Information shown:

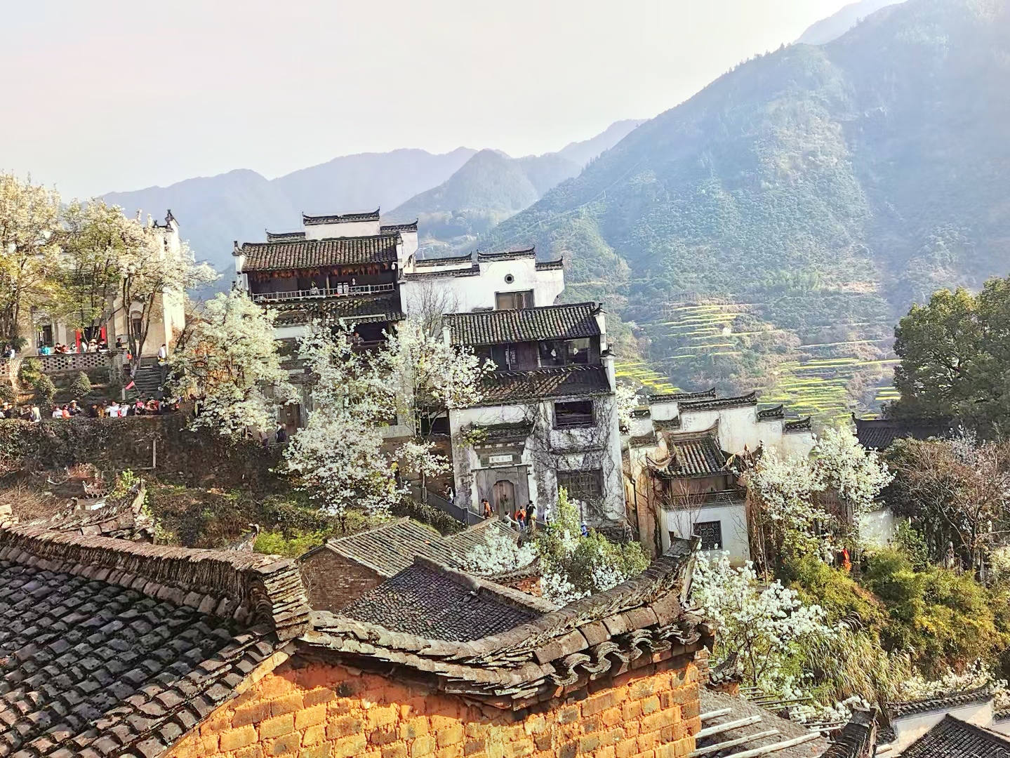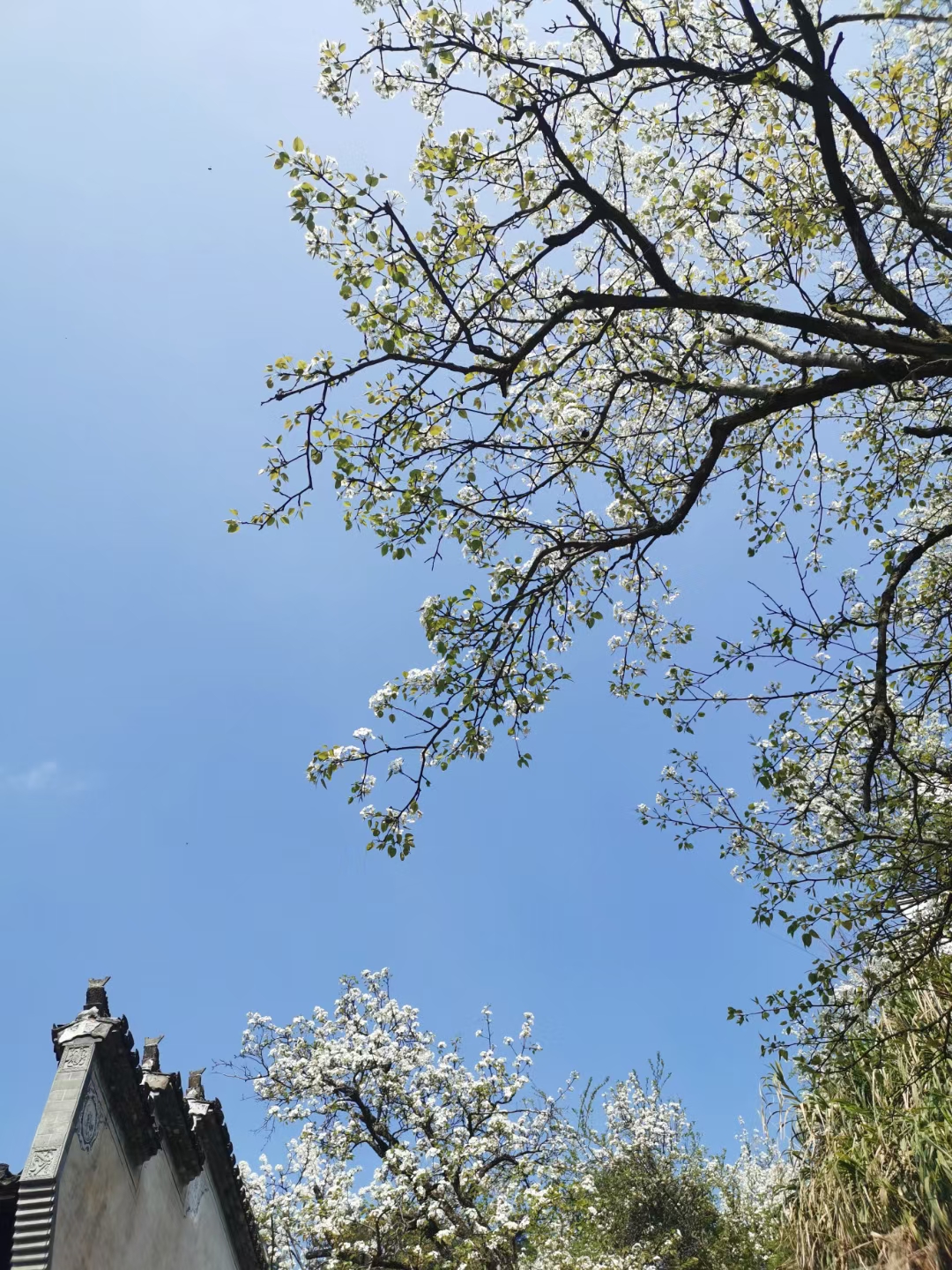 梨花似雪春似梦 宋宣娥 “看,这是什么花?” “桃花?” “樱花?” “不对,是李花。” 新办公楼,毗邻公园。午休时分,我常与同事沿公园湖边漫步。 暮春三月,气温骤升,花儿仿佛约好了似的,一夜之间,哗啦啦全开了,红的,粉的,白的,黄的,这里一团,那里一簇,好热闹。 乱花渐欲迷人眼。同事站在一株开满白色花朵的树下,仰起头,轻嗅花瓣。繁花如雪。她的脸上,也开了一朵朵花。 “这是梨花。”我脱口而出。 “你看,这花色纯白,花瓣五片,边缘略带波浪形,深红色花蕊,花朵成簇,一看就是梨花呀。” “你怎么知道的?” 我愣住了,是啊,我什么时候把这梨花的花容刻进了记忆里? 是童年吗? 童年的记忆里,村里茶树很多,果树不多,只有苹果树,李子树,梨树,零零落落种了几棵在茶园里。 我提着竹篮拔猪草,去得最多的是茶园,确切的说,是到茶园的果树下。 果子成熟的季节,我去得最勤。我总在拔猪草的时候,两眼偷偷搜寻坠落的果子。拨开野草,紫色的李子,或青色的梨,一个,两个,一堆,软软的,硬硬的,藏在草丛里。落在地上的果子,很多果皮已裂。我拣表皮光滑颜色鲜亮的,应该是掉落不久的吧。我把沾满泥土草屑的小手在带着露水的草尖上擦,伸出右手拇指食指,轻轻捏起果子,放左手掌心里一抹,圂囵吞枣咽下肚。然后急急离开。瓜田李下,还是有做贼心虚的感觉,虽然我只拣掉落的果子,可谁说得清呢。 这带着泥土气息的果子,是儿时最美好的回忆。可那些年,我只顾着低头拣拾地上的果实,从未抬头看看那满树繁花。 梨花的模样,是模糊的。 直到那一年春天,我去了婺源。 去婺源,原是为了婺源的油菜花。 我看过一畈连一畈的油菜花海,如黛的远山为背景,觉风景绝美;也看过五彩的油菜花田,如画笔勾勒在青山绿水间,亦觉叹为观止。 听说看油菜花,还得去婺源。 第一站去的是篁岭。到达山脚已下午,沿路的油菜花金黄灿烂。篁岭地势较高,山上的梯田油菜花,比山下开得稍稍晚些,有些还黄绿相间,向阳处是黄灿灿的,开得好闹。游人如织,头戴花环,穿梭花海。 不时有老人过来兜售用油菜花编织的一两朵桃花点缀的花环。 花开至极盛,反倒没了拍照的心情。我们来来回回,只是闻闻花香。 还是去村里转转吧。有人提议。 篁岭,是一个有着500多年历史的古村落,房子建在半山腰,沿着山势错落有致。 拾阶而上,转角处,忽见一株高大的树,斜倚白墙,虬枝斜伸,树上开着洁白的花,花瓣随风起舞,轻轻飘落在白墙黑瓦上。阳光柔和地洒在树上,花枝轻漾,花瓣洁净如玉。不浓艳,却很温柔,是我喜欢的色调。 再往上走,这团团簇簇的树,或隐在斑驳的土墙边,或立于窗棂前,或从高耸的马头墙探出,一树,两树,点缀得恰到好处。凭栏倚窗,只见蓝天白云,白墙黑瓦,和一树一树洁白如雪的花,相映成趣。 “这是什么花?从来没有见过这么漂亮的花。” “这是梨花呀。” “梨花?”我愕然。 梨花,李花,樱花,我一直傻傻分不清。 印象中的梨花,花小,单瓣,枝干细长,弱不禁风的样子。 我抬头仰望,细细端详:这里的梨花,花团锦簇,很大朵,梨树也高高大大,或挺拔,或斜伸,自然舒展,有着线条之美。 第二站,江岭。江岭是中国四大油菜花海之一,有十万亩梯田油菜花海。那天,下着小雨。车行盘山公路,连绵的梯田如链似带,远处的山峦薄雾缭绕,一望无际的油菜花海像镀上了金。若只有金黄一色,未免太单调了,那就镶嵌点白色吧。白配黄,不张扬。于是,旷野之上,就见一树两树梨花,傲然独立。 斜风细雨,把江岭梯田洇染成水墨画。 同行的朋友,耐心地教我们如何构图。以灰白色土墙做背景,截取几条花枝入画。土墙沧桑,梨花温婉。 雨丝沾湿花瓣,竟然比晴天更添几分楚楚。 去婺源,是因为婺源的油菜花。回来后,念念不忘的却是那一树树梨花。 “欲黄昏,雨打梨花深闭门”。“劳劳燕子人千里,落落梨花雨一枝”。“一别如斯,梨花落尽月又西”。突然想起读过的“梨花诗”。年少不知诗中意,此刻,才真正懂得其中况味。 梨花似雪春似梦。想起那些曾经在我生命里来来去去的人。所幸,我还有看花的心情;所幸,还有陪我一起看花的人。 “你在想什么呢?”一声问话打断了我飘远的思绪。同事一脸疑惑地盯着我。 有花瓣落在我肩头,携着细碎的花香。 我回她一个微笑,挽起她的手,“快走,前面还有花呢。”
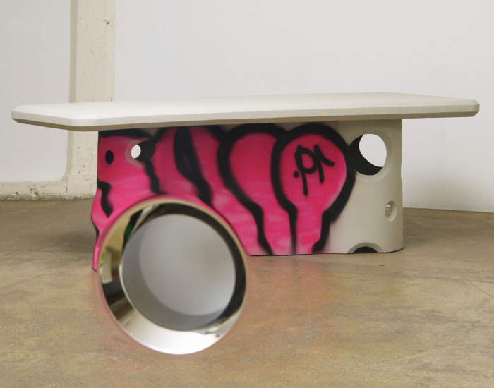 The post virgil abloh brings an urban language to galerie kreo with graffiti-sprayed, concrete furniture appeared first on designboom | architecture & design magazine.
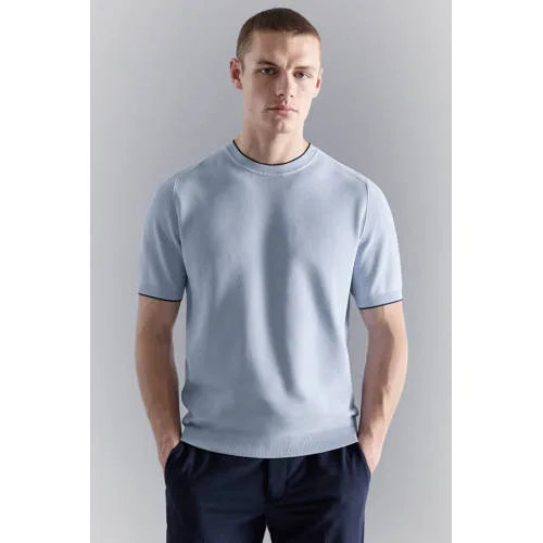 Mango Man regular T-shirt gebreid lichtblauw
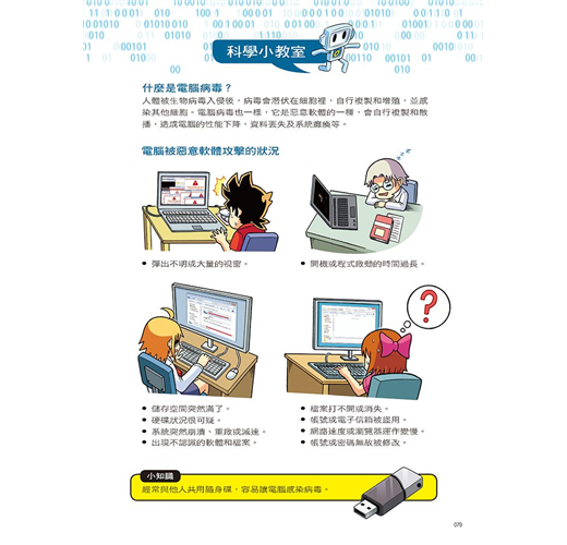 STEP 2知識專區∣科學性★★★★★設有「科學小教室」單元,藉由X科幻冒險隊隊員的生動對話和淺顯易懂的文字,來介紹駭客和劊客、電腦病毒、惡意軟體、防毒軟體、遠離網路詐騙的方法、網路購物的注意事項、如何抵抗網路的誘惑等超炫知識,讓小朋友有系統的學習。

Directions:
Give all of the material again, exactly, apart from the pictures.

Output of the task:
 梨花似雪春似梦 宋宣娥 “看,这是什么花?” “桃花?” “樱花?” “不对,是李花。” 新办公楼,毗邻公园。午休时分,我常与同事沿公园湖边漫步。 暮春三月,气温骤升,花儿仿佛约好了似的,一夜之间,哗啦啦全开了,红的,粉的,白的,黄的,这里一团,那里一簇,好热闹。 乱花渐欲迷人眼。同事站在一株开满白色花朵的树下,仰起头,轻嗅花瓣。繁花如雪。她的脸上,也开了一朵朵花。 “这是梨花。”我脱口而出。 “你看,这花色纯白,花瓣五片,边缘略带波浪形,深红色花蕊,花朵成簇,一看就是梨花呀。” “你怎么知道的?” 我愣住了,是啊,我什么时候把这梨花的花容刻进了记忆里? 是童年吗? 童年的记忆里,村里茶树很多,果树不多,只有苹果树,李子树,梨树,零零落落种了几棵在茶园里。 我提着竹篮拔猪草,去得最多的是茶园,确切的说,是到茶园的果树下。 果子成熟的季节,我去得最勤。我总在拔猪草的时候,两眼偷偷搜寻坠落的果子。拨开野草,紫色的李子,或青色的梨,一个,两个,一堆,软软的,硬硬的,藏在草丛里。落在地上的果子,很多果皮已裂。我拣表皮光滑颜色鲜亮的,应该是掉落不久的吧。我把沾满泥土草屑的小手在带着露水的草尖上擦,伸出右手拇指食指,轻轻捏起果子,放左手掌心里一抹,圂囵吞枣咽下肚。然后急急离开。瓜田李下,还是有做贼心虚的感觉,虽然我只拣掉落的果子,可谁说得清呢。 这带着泥土气息的果子,是儿时最美好的回忆。可那些年,我只顾着低头拣拾地上的果实,从未抬头看看那满树繁花。 梨花的模样,是模糊的。 直到那一年春天,我去了婺源。 去婺源,原是为了婺源的油菜花。 我看过一畈连一畈的油菜花海,如黛的远山为背景,觉风景绝美;也看过五彩的油菜花田,如画笔勾勒在青山绿水间,亦觉叹为观止。 听说看油菜花,还得去婺源。 第一站去的是篁岭。到达山脚已下午,沿路的油菜花金黄灿烂。篁岭地势较高,山上的梯田油菜花,比山下开得稍稍晚些,有些还黄绿相间,向阳处是黄灿灿的,开得好闹。游人如织,头戴花环,穿梭花海。 不时有老人过来兜售用油菜花编织的一两朵桃花点缀的花环。 花开至极盛,反倒没了拍照的心情。我们来来回回,只是闻闻花香。 还是去村里转转吧。有人提议。 篁岭,是一个有着500多年历史的古村落,房子建在半山腰,沿着山势错落有致。 拾阶而上,转角处,忽见一株高大的树,斜倚白墙,虬枝斜伸,树上开着洁白的花,花瓣随风起舞,轻轻飘落在白墙黑瓦上。阳光柔和地洒在树上,花枝轻漾,花瓣洁净如玉。不浓艳,却很温柔,是我喜欢的色调。 再往上走,这团团簇簇的树,或隐在斑驳的土墙边,或立于窗棂前,或从高耸的马头墙探出,一树,两树,点缀得恰到好处。凭栏倚窗,只见蓝天白云,白墙黑瓦,和一树一树洁白如雪的花,相映成趣。 “这是什么花?从来没有见过这么漂亮的花。” “这是梨花呀。” “梨花?”我愕然。 梨花,李花,樱花,我一直傻傻分不清。 印象中的梨花,花小,单瓣,枝干细长,弱不禁风的样子。 我抬头仰望,细细端详:这里的梨花,花团锦簇,很大朵,梨树也高高大大,或挺拔,或斜伸,自然舒展,有着线条之美。 第二站,江岭。江岭是中国四大油菜花海之一,有十万亩梯田油菜花海。那天,下着小雨。车行盘山公路,连绵的梯田如链似带,远处的山峦薄雾缭绕,一望无际的油菜花海像镀上了金。若只有金黄一色,未免太单调了,那就镶嵌点白色吧。白配黄,不张扬。于是,旷野之上,就见一树两树梨花,傲然独立。 斜风细雨,把江岭梯田洇染成水墨画。 同行的朋友,耐心地教我们如何构图。以灰白色土墙做背景,截取几条花枝入画。土墙沧桑,梨花温婉。 雨丝沾湿花瓣,竟然比晴天更添几分楚楚。 去婺源,是因为婺源的油菜花。回来后,念念不忘的却是那一树树梨花。 “欲黄昏,雨打梨花深闭门”。“劳劳燕子人千里,落落梨花雨一枝”。“一别如斯,梨花落尽月又西”。突然想起读过的“梨花诗”。年少不知诗中意,此刻,才真正懂得其中况味。 梨花似雪春似梦。想起那些曾经在我生命里来来去去的人。所幸,我还有看花的心情;所幸,还有陪我一起看花的人。 “你在想什么呢?”一声问话打断了我飘远的思绪。同事一脸疑惑地盯着我。 有花瓣落在我肩头,携着细碎的花香。 我回她一个微笑,挽起她的手,“快走,前面还有花呢。”
 The post virgil abloh brings an urban language to galerie kreo with graffiti-sprayed, concrete furniture appeared first on designboom | architecture & design magazine.
 Mango Man regular T-shirt gebreid lichtblauw
 STEP 2知識專區∣科學性★★★★★設有「科學小教室」單元,藉由X科幻冒險隊隊員的生動對話和淺顯易懂的文字,來介紹駭客和劊客、電腦病毒、惡意軟體、防毒軟體、遠離網路詐騙的方法、網路購物的注意事項、如何抵抗網路的誘惑等超炫知識,讓小朋友有系統的學習。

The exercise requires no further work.